Sweating to the oldies was never like THIS! 
And you know what...
No matter where I get after all is said and done, if I work hard 
and really try, well on that big day, even if I'm not in a size 4... 
I'll still be proud because I will know I earned it!



Friday, February 28, 2014

PROGRESS!

My wedding date is set my lovelies! I'm so excited to see how this all plays out. I never actually thought I would have a "big" wedding but I am and I'm so excited to see it become a reality. Its a little terrifying and amazing and overwhelming all at the same time. I'm fortunate enough to have amazing family who are helping with this shindig and it will be lovely.

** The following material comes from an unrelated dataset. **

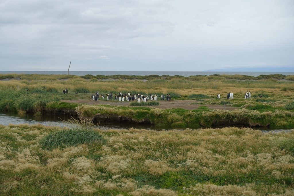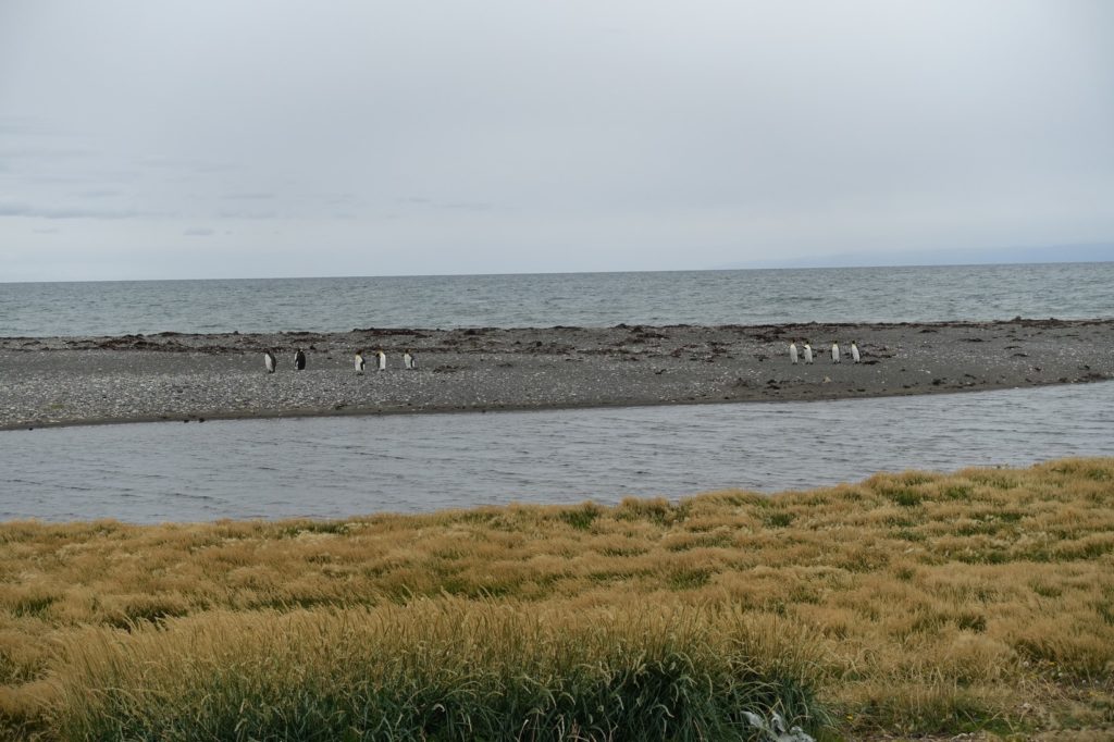 Voilà le parc au bord de la baie. Après un briefing, nous faisons notre pause déjeuner. Puis, avec entrain, nous attaquons notre visite ! Dans ce parc, nous pouvons voir des pingouins rois. Tout est fait pour les protéger, donc nous ne pouvons pas approcher de trop près mais des longues vues sont à disposition. C’est la période d’incubation des œufs, chacun leur tour, le père et la mère couvent. Nous pouvons voir les bourrelets près de leurs pieds. Nous assistons aussi au repas d’un petit fraîchement né. C’est magique. Martin apprécie vraiment, il est émerveillé, Lucas semble un peu moins intéressé. Les parents sont vraiment heureux de leur côté, ils sont comme des enfants !

There is still so much to do! Cake design and choice, food selections, hair, shoes (OF COURSE), appointments with my girls, M's suit and his boys suits which will be gorgeous!, flowers invites, and of course... bachelorette and bachelor parties! I don't want to miss a beat but I don't want to feel nuts either!
Its my dream cake!!
Luckily I seem to be going thru this bout of positive energy and I wan to put it out there in the universe. Its a simple thing really. Nothing major but I realized that in the gran scheme of things, when all is said and done...

We Are All Going to Be OK

Its all kind of simple huh? Believe me when people said this to me in the past I quickly rolled my eyes and thought, "what the hell do you know SMILEY... Ain't no body gonna be OK!", but now I know. At least from my end that we are all seriously going to be OK. 

Some things may require more work, it may require more time but if you want to put that into your day your week you life to find that OK then it will be there for you. Its taken me 20 years, two therapists, two kids, a lot of starts and stops and a good man to get me to this simple philosophy. Its amazing that I'm happy in a simple life, my mom used to say that I was always looking for the next best thing. I'm not looking for that anymore. I have it. I have the best thing. Healthy kids, a good job, a good man, a nice house, a good neighborhood... I feel good. For the first time in a very long time.

So as the wedding plans unfurl and the invites go out and even beyond that day. When I wake up November 2nd married for less than 24 hours, and look at the world around me I will still be OK and so will we all. I don't mean to turn all fluffy on you guys but I felt the need to infect you all with some positivity on this Friday morning so that you could take this rainy day and smile up at the sky, or if you are stuck in traffic and its not going anywhere that at the end of your day that time on the freeway will be behind you. And even those of you out there who are having a hard go of it... look up, reach out, you have friends and loved ones. We'll find a way to make it OK for you because we love you. Because we want you to be OK and happy along side us!

Its all going to be OK... help me help you.